Datalog can't do this — it's relational, not arithmetic. Clingo (ASP) can approximate it but SMT is the native fit.
The right engine for each class:
| Class | Best engine | Why |
|---|---|---|
| 1. Exposure boundaries | CEL (direct) | Simple property check, no solver needed |
| 2. Toxic combinations | Soufflé (Datalog) for enumeration, Z3 (SMT) for proof | Transitive closure + existential quantification |
| 3. Trust boundaries | Soufflé or Z3 | Graph reachability with constraints |
| 4. Network isolation | Z3 (SMT) | Arithmetic constraints over packet space |
The CEL predicate is the human-readable invariant. The SMT-LIB or Datalog translation is the machine-checkable form of the same invariant. The snapshot provides the facts. The solver provides the verdict. You author the invariant once in CEL, and the export pipeline translates it to whichever engine handles that class best.
This is why Stave exports to five engines (Z3, Soufflé, Clingo, Prolog, PRISM) rather than picking one. No single engine is optimal across all four classes. The invariant is the stable artifact; the engine is a deployment choice.

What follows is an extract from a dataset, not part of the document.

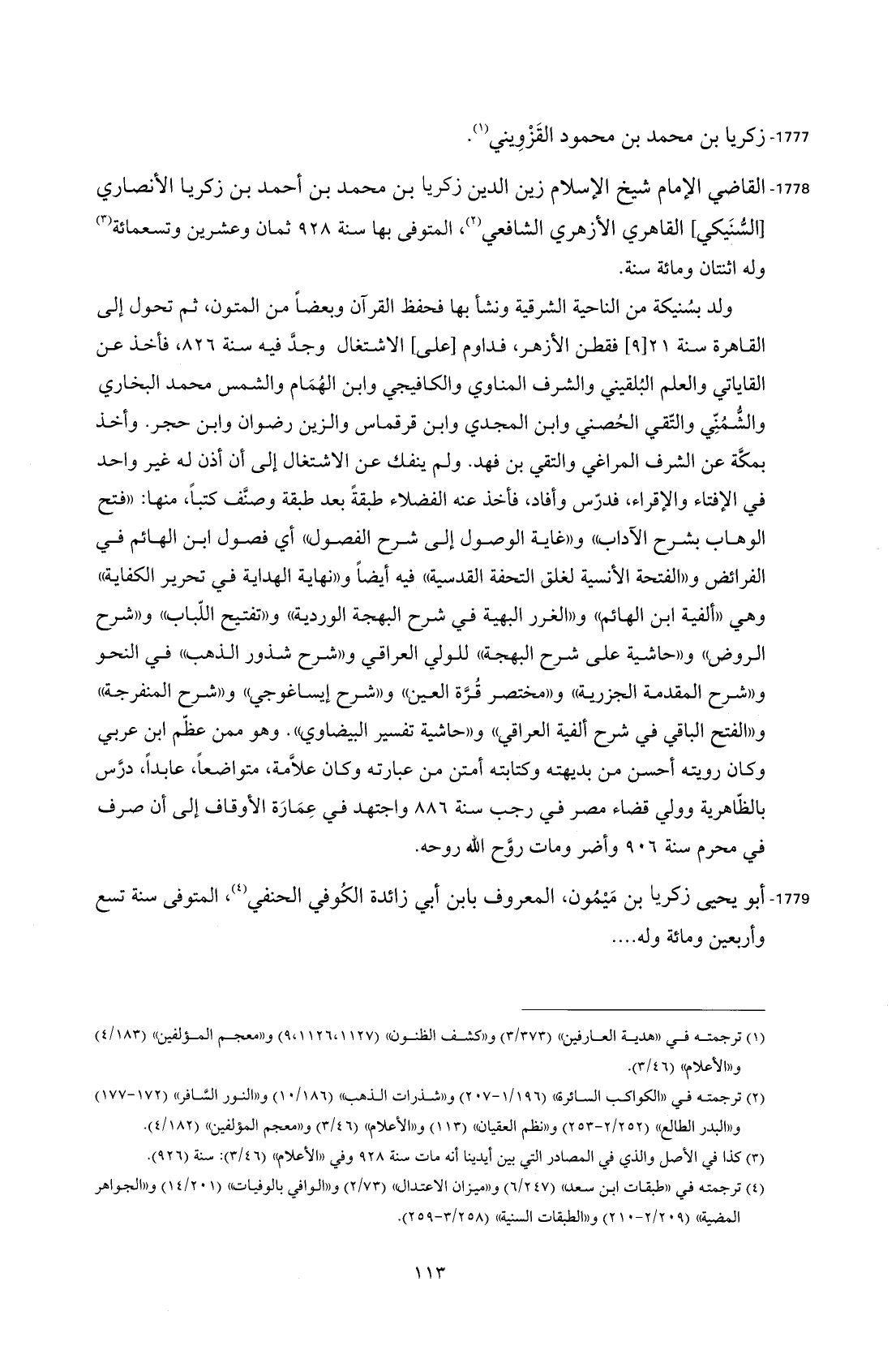 1778 - القاضي الإمام شيخ الإسلام زين الدين زكريا بن محمد بن أحمد بن زكريا الأنصاري [السُّنَيكي] القاهري الأزهري الشافعي (¬2)، المتوفى بها سنة 928 ثمان وعشرين وتسعمائة (¬3) وله اثنتان ومائة سنة.

Not every security problem is structural. Behavioral detection — anomalous login patterns, unusual API call sequences, data exfiltration by volume — requires runtime observation, not snapshot analysis. Scanners, SIEM rules, and ML models are the right tools for those problems.
But for the four classes above — exposure boundaries, toxic combinations, trust violations, network isolation — a few lines of declarative constraints outperform thousands of lines of procedural scanner code. Not because declarative is always better. Because these problems are structural, and structural problems have structural solutions.
Stave is an open-source cloud security reasoning engine that evaluates CEL predicates against JSON Schema-validated configuration snapshots. It exports standardized facts to Z3 (SMT-LIB), Soufflé (Datalog), Clingo (ASP), Prolog, and PRISM for external reasoning — covering all four classes described above.